# Wildcat 4/18/2017



## catsup948 (Apr 19, 2017)

Nothing up high softened while the bottom became nice peel away corn by noon.  My son enjoyed it at first but started getting a little bored after 5 runs so we did a few more and called it.  I think he has already moved on to baseball.  I hope to get out this weekend for a little bit but I'll see how the weather looks.  

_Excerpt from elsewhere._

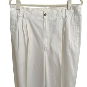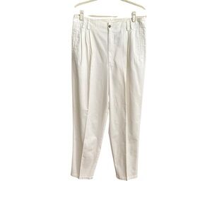 LIZ CLAIBORNE Vintage White Cotton Twill Pleated Pants High Rise Coastal Preppy Size 16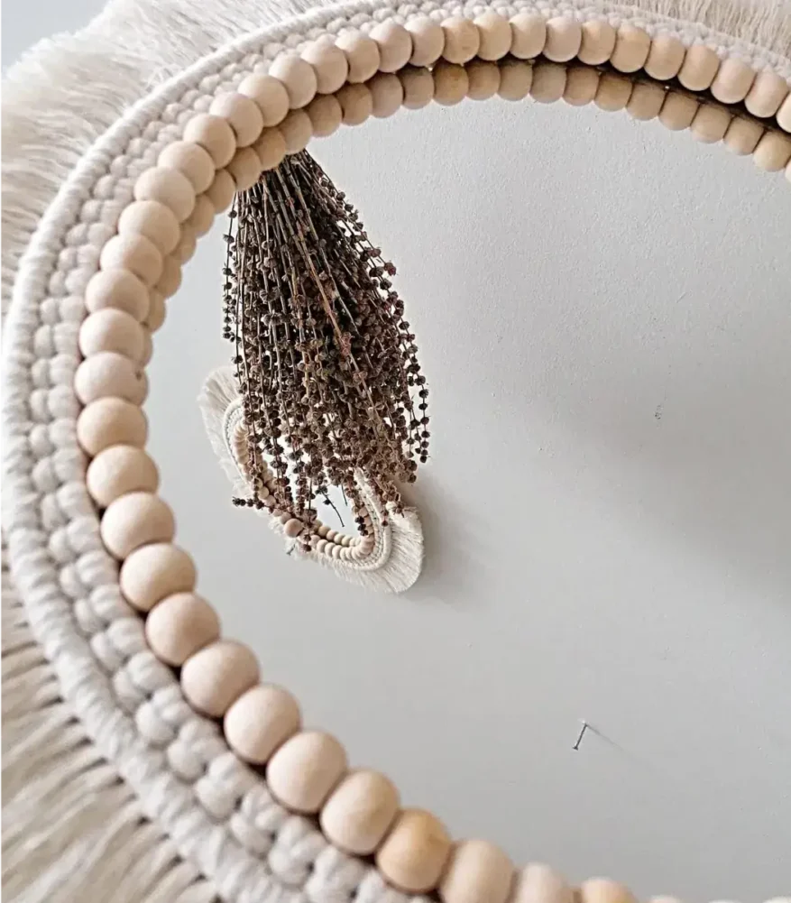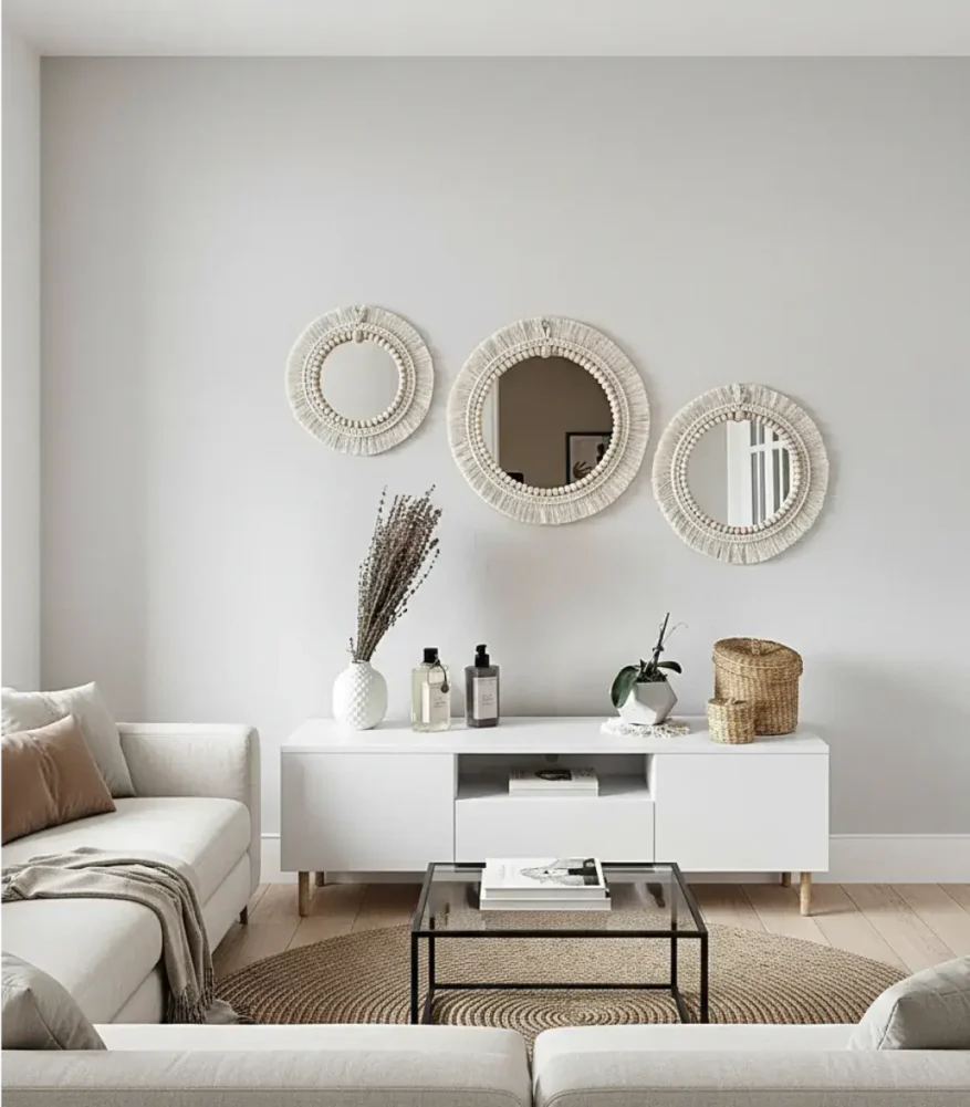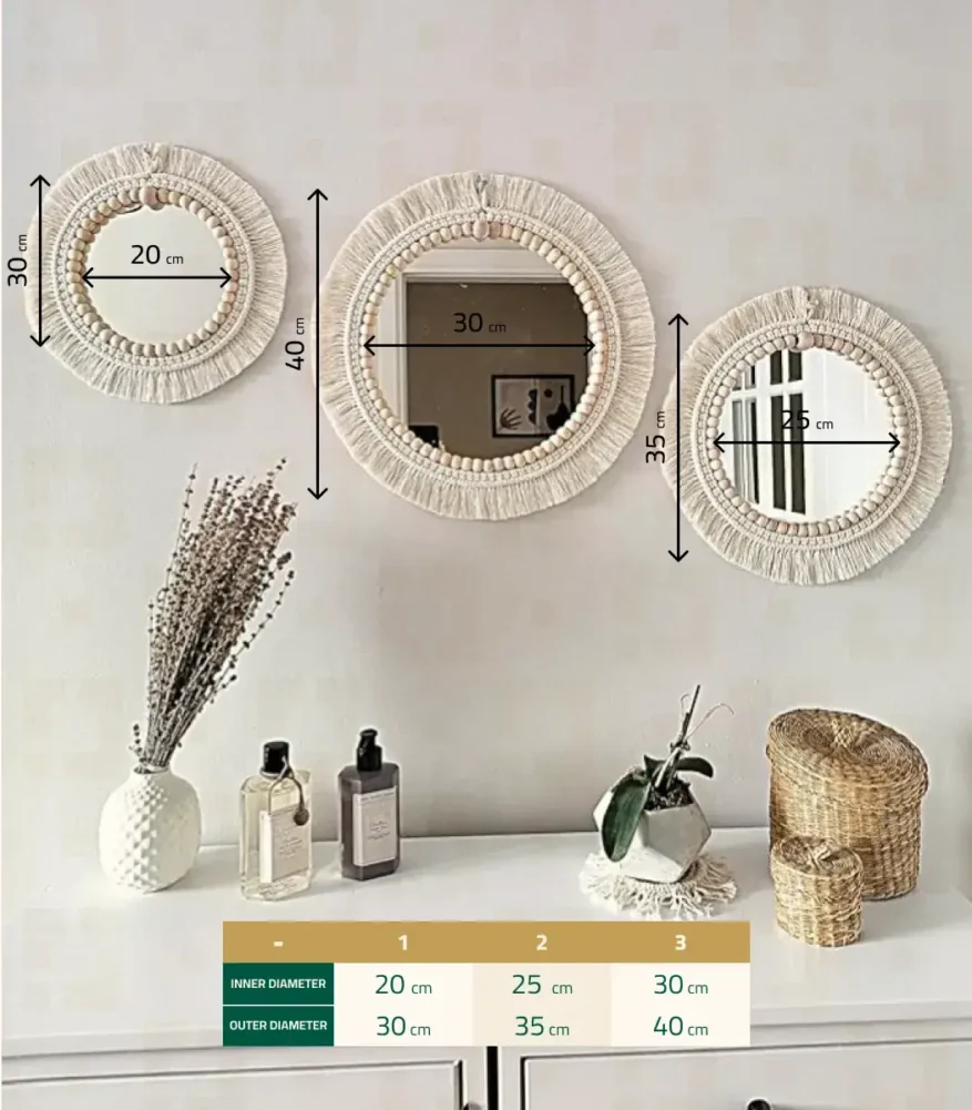 مرآة مكرمية 3 قطع من براند خيوط مصنوعة يدويًا باستخدام الألياف وزجاج، بتصميم حديث مميز ولون اوف وايت أنيق. تضيف لمسة طبيعية وفنية لغرفة النوم أو المعيشة. مناسبة لمساحات بمقاس 30×40 سم.

Sent from my iPhone using AlpineZone


----------



## Glenn (Apr 20, 2017)

Awesome that you're still getting out there!


----------



## Jcb890 (Apr 21, 2017)

Were they able to patch up any of the large grassy/puddle spots on Polecat?


----------



## xwhaler (Apr 21, 2017)

I will be very curious to see pics/hear how Wildcat is this wknd. Upper Lynx was quite rough last Sunday

Sent from my XT1254 using AlpineZone mobile app


----------



## Jcb890 (Apr 21, 2017)

xwhaler said:


> I will be very curious to see pics/hear how Wildcat is this wknd. Upper Lynx was quite rough last Sunday
> 
> Sent from my XT1254 using AlpineZone mobile app


I thought both of the main trails from the summit were in pretty tough shape if they're shooting for a few more weeks.  However, maybe they'll be able to push snow around because in many spots it looked like plenty of coverage left.  I had never been to Wildcat before, so I'm not sure how they usually handle Spring-time operations.  I thought it was still plenty fun last weekend and worth the trip.


----------



## Jully (Apr 22, 2017)

Any word on how lynx, polecat, catapult, and the lower Mt trails look after today? Between the Cat and SR for tomorrow.


----------



## yeggous (Apr 23, 2017)

Jully said:


> Any word on how lynx, polecat, catapult, and the lower Mt trails look after today? Between the Cat and SR for tomorrow.



Lower mountain is in good shape. Upper Lynx and Upper Polecat have seen better days. Damage since last Sunday is minimal.


Sent from my iPhone using AlpineZone mobile app


----------



## xwhaler (Apr 23, 2017)

Wildcat opening tomorrow, Monday as well.  Nice nod to pass holders.  Between CM staying open 2 weeks beyond normal and Attitash an extra week you have to be impressed by Peaks' Granite efforts​.

Nice value for pass holders for sure.

Sent from my XT1254 using AlpineZone mobile app


----------



## snoseek (Apr 23, 2017)

I'm probably there tomorrow or the loaf if I can wake up.


----------